An Aker BP operated oil field in the North Sea has occasionally experienced production flow instabilities in the production lines and risers. The oscillations in multiphase rates are kept within the process capacity limitation at the host installation typically by increasing backpressure (planned flaring is not allowed for on the Norwegian Continental Shelf). The heightened backpressure impacts the production potential of the field. The objective of the project described in this paper has been to develop and implement a new method for real-time production optimization providing an online assessment of slugging severity and suggested actions in order to mitigate slugging and increase production. The developed software tool has been validated using field data.
A statistical approach based on the physical characteristics of the separator has been developed. A combination of transient multiphase flow simulations and data analysis has been employed in order to formulate the risk of exceeding separator constraints as a multidimensional function of the operational conditions. In order to generate a three-dimensional heat map of the risk related to the current state, operational data is continuously gathered from production sensors and transformed into pseudo-steady state values. A heat map is defined by a function where four relevant operational values can be selected. These values are: oil production rate, topside choke setting, gas lift rates and water cut. The software solution is run on a cloud infrastructure with an interactive web user interface.

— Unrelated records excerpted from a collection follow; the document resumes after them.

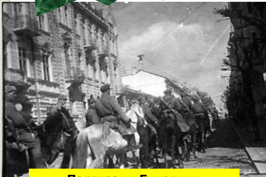
Партизани Буковини повертаються у звільнені Чернівці

Суть: розкол залишків військ ворога на дві частини вихід радянських військ у передгір'я Карпат.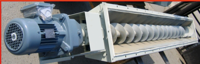
Závitkový dopravník pod filter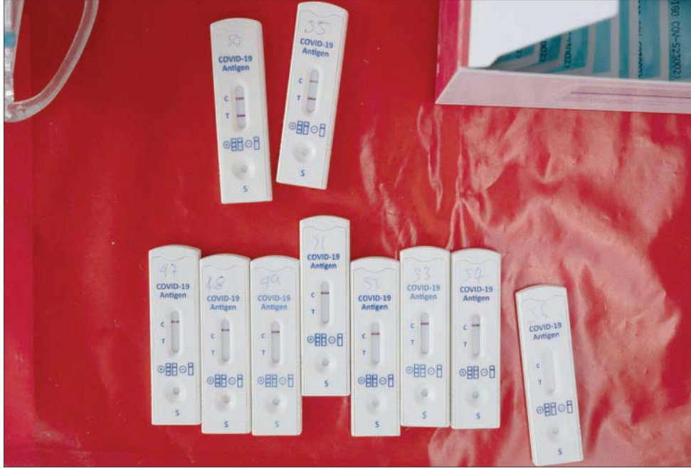
مركز فحص يستعرض نتائج اختبار «كورونا» السريع في ليما عاصمة بيرو

مراجعتها من باحثين خارجيين. ورغم صغر حجم هذه الدراسة، فإن نتائجها متسقة بشكل ملحوظ، ولم يكشف اختبار مستضد سريع واحد عن الفيروس إلا بعد يومين تقريباً من الإصابة الأولية. وبالإضافة إلى ذلك، فإن حالات الإصابة من الأشخاص الذين تلقوا نتائج سلبية كاذبة يمكن أن تدق أجراس الإنذار.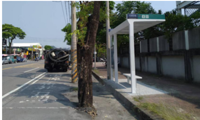
去年許慧玉議員議員預期的大社果菜市場公車站候車亭，終於於今年9月完工啟用。

另外，今年9月26日位於大社果菜市場公車站的懸臂式候車涼亭終於完工。許議員表示，該座涼亭是去年11月偕同當地居民一起向市府爭取，經大社國中同意無償提供土地讓交通局設置而完成。有了這座涼亭大大增加大社鄉親通勤等候時的舒適性，不過大社、烏松幅員廣闊，很多學生和長輩出入都有賴公車通行，加上南部氣候炎熱，很多地方都有相同的需求未被關注，雖然交通局目前財源有限，但還是建議可以先進行調查盤整，等日後有足夠的財源或與民間擴大合作，逐一將地方需求完成，讓更多的鄉親感受大眾運輸的便利舒適。

In a pilot program we have evaluated the ability of the stability advisor to continuously assess the severity of flow instabilities, identify measures to reduce the risk level and minimize associated production losses. The operator has identified valuable operational insights from the tool in a pilot program. The flow instabilities predicted by the model correlate well with observed data from the field. The tool is scalable to other fields with similar flow problems.
Previous papers on slug flow prediction are in general conducted as offline study projects. There has been little success in making real-time scalable solutions available to continuous operations. This paper explains a method on how physical modelling of the flow system combined with statistical methods and access to real-time sensor data can provide a new approach for real-time slug flow prediction. The result demonstrates a scalable solution where output is presented in a format that can be applied by daily operations to act on and provide new and valuable production insights.